PROVIDED INFORMATION —
☆ ☆ ☆ ☆ ☆
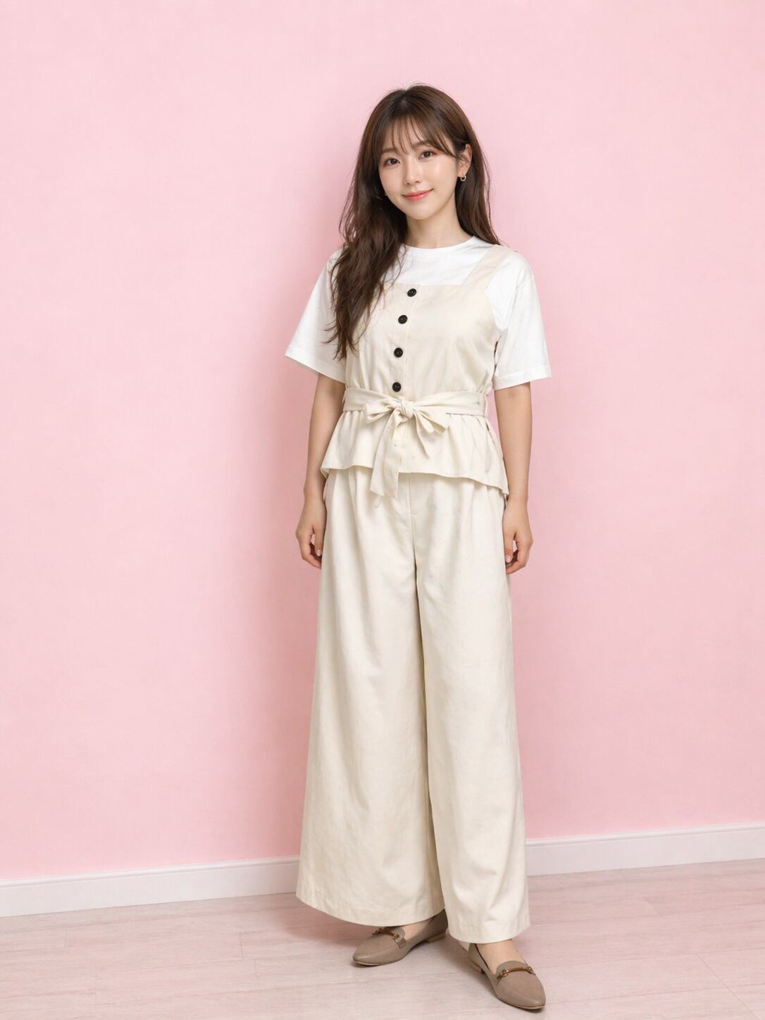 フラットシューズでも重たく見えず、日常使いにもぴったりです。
☆ ☆ ☆ ☆ ☆
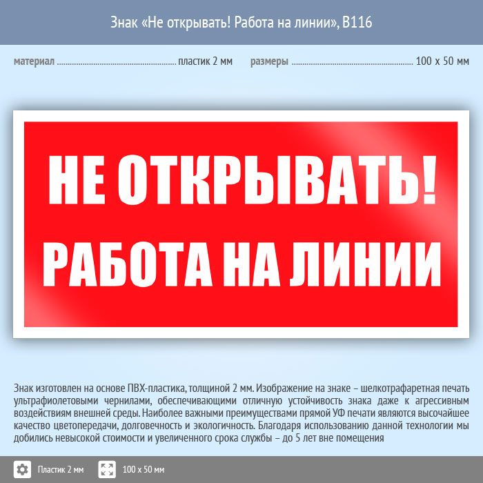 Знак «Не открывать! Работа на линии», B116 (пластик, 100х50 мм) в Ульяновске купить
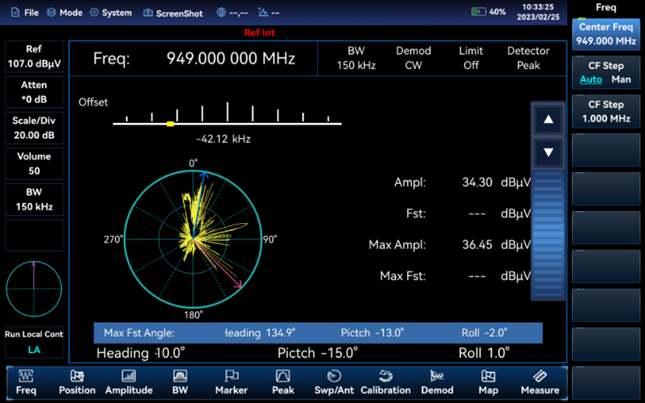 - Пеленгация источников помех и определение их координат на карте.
☆ ☆ ☆ ☆ ☆
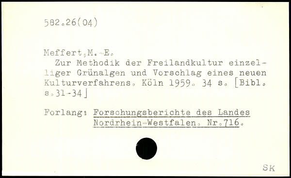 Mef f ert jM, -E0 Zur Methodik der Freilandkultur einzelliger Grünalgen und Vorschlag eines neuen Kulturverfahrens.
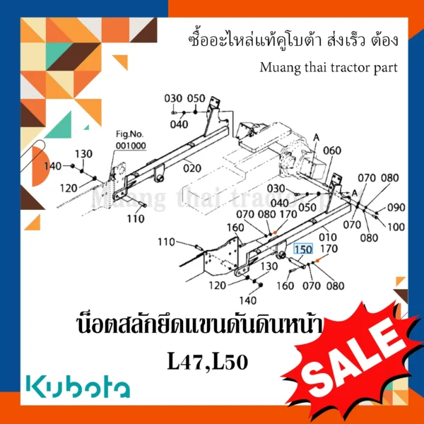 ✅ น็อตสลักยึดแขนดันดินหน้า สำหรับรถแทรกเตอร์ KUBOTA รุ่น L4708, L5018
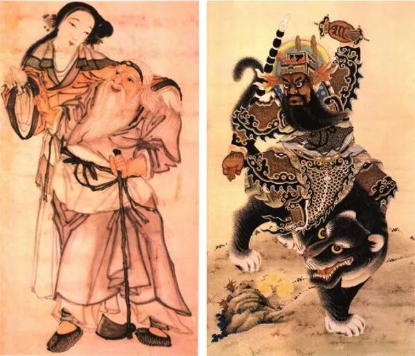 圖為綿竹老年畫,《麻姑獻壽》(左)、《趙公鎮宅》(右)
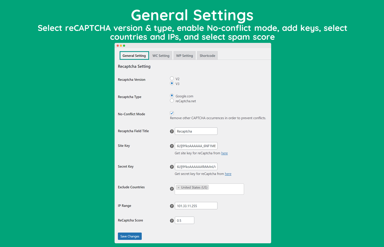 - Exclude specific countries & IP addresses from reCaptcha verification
☆ ☆ ☆ ☆ ☆
PROBLEM STATEMENT — Could the stretch from the line with "Mef f ert jM, -E0" through the line with "- Exclude specific" in the listing above be restated word for word, minus the pictures?

EXERCISE SOLUTION —
 Mef f ert jM, -E0 Zur Methodik der Freilandkultur einzelliger Grünalgen und Vorschlag eines neuen Kulturverfahrens.
 ✅ น็อตสลักยึดแขนดันดินหน้า สำหรับรถแทรกเตอร์ KUBOTA รุ่น L4708, L5018
 圖為綿竹老年畫,《麻姑獻壽》(左)、《趙公鎮宅》(右)
 - Exclude specific countries & IP addresses from reCaptcha verification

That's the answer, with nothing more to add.